Records from a collection
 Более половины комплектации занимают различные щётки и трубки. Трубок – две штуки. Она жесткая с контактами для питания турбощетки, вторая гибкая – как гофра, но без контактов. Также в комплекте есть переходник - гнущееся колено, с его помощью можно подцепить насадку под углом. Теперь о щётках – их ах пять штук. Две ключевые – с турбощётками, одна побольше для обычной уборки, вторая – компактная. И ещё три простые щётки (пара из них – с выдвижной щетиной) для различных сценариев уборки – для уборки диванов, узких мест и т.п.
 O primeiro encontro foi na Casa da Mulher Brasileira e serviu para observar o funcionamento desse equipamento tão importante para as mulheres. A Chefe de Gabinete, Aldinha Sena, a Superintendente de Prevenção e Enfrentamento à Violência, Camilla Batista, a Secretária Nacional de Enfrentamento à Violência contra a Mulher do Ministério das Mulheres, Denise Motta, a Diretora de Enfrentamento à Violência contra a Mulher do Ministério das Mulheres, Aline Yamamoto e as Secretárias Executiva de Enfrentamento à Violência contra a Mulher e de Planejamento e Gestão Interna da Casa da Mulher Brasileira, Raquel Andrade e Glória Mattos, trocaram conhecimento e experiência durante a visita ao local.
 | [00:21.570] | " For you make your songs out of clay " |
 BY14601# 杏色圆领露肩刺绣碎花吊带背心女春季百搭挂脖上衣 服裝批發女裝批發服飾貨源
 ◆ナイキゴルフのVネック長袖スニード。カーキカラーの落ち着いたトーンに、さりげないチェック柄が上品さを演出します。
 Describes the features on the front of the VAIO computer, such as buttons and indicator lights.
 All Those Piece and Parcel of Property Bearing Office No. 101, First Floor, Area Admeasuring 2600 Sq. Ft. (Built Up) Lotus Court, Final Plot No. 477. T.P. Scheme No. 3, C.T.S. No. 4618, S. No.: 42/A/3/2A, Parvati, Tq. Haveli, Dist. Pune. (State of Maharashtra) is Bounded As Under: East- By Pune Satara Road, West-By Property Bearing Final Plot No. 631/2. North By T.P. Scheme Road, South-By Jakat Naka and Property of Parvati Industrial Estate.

◆ WHAT NEEDS TO BE DONE: Produce an exact repeat of the lines from the one containing "Describes the features" through the last line of the data, and nothing more.

◆ RESPONSE TO THE TASK:
 Describes the features on the front of the VAIO computer, such as buttons and indicator lights.
 All Those Piece and Parcel of Property Bearing Office No. 101, First Floor, Area Admeasuring 2600 Sq. Ft. (Built Up) Lotus Court, Final Plot No. 477. T.P. Scheme No. 3, C.T.S. No. 4618, S. No.: 42/A/3/2A, Parvati, Tq. Haveli, Dist. Pune. (State of Maharashtra) is Bounded As Under: East- By Pune Satara Road, West-By Property Bearing Final Plot No. 631/2. North By T.P. Scheme Road, South-By Jakat Naka and Property of Parvati Industrial Estate.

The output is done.